The natural course of RP is not well understood since population-based prospective studies are scarce. One such study conducted by Suter et al. in the U.S. followed 1358 subjects for a mean of seven years. They reported a cumulative incidence of 1.5–2.2% and a remission proportion of 64% [6]. In another similar study by Carpentier et al., conducted on 296 subjects living in a French alpine region, the cumulative incidence proportion was 3.5% and remission proportion 33% after 14 years of follow-up [7]. In addition, several smaller longitudinal clinical studies on RP subjects have been conducted, but mainly aimed at establishing a potential transition to secondary RP associated with rheumatic diseases [8,9,10,11,12,13]. However, few such studies have reported on any potential for remission [14,15,16]. No population-based longitudinal studies on RP have been conducted in a Scandinavian setting, which means that the course, and the influence of possible risk factors, has not been determined.

Regarding risk factors, numerous individual and external conditions have been reported to be associated with secondary RP [17, 18], among them rheumatic conditions, cardiovascular disease, migraines, tobacco use, cold exposure, and manifest cold injury [19,20,21]. Regarding the latter, mainly cross-sectional epidemiological studies have indicated a link between cold injury and RP. However, several authors have considered cold injury as an independent risk factor for contracting RP [3, 19, 22], while others have interpreted the results in the opposite direction, i.e. that manifest RP increases the risk of subsequent cold injury [23, 24]. To the authors’ knowledge, only one study has utilized longitudinal (retrospective) data, and reported an increased two-year cumulative incidence of extremity frostbite among those with vibration-induced secondary RP [25]. Thus, there is a need for population-based studies to determine the natural course of RP, and shed light on the time relation between cold injury and RP.

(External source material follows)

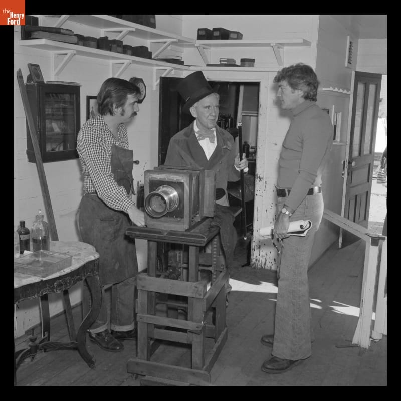 Burgess Meredith (center) While Filming in the Tintype Studio, Greenfield Village, 1976

The primary aim of this study was to determine the incidence, remission, and persistence proportions of RP in the general population of northern Sweden. Secondary aims were to determine how individual and exposure factors affect the course of RP, and to assess gender differences.


Study design and setting

This prospective survey-based, closed-cohort study was part of the Cold and Health In Northern Sweden (CHINS) research project, which was initiated in 2015 to broadly explore adverse health effects from ambient cold exposure, and has previously been described in detail [4]. The study sample included men and women of working age at enrollment (18–70 years), living in northern Sweden, who were drawn from the national Swedish population register. Baseline data came from the first postal survey (CHINS2015), that was administered between February and May of 2015. Follow-up data was retrieved through a digital questionnaire (CHINS2021) that collected data between March and April of 2021. All subjects (N = 12,627) who had responded to the baseline questionnaire were invited by a postal query to respond to the follow-up questionnaire, with one postal reminder. Subjects were also given the option to respond to the questionnaire on paper, if reluctant or unable to answer digitally. The study protocol was approved by the Regional Ethical Review Board situated at Umeå University (DNR 2014–286-31 M) and the Swedish Ethical Review Authority (DNR 2020–06707).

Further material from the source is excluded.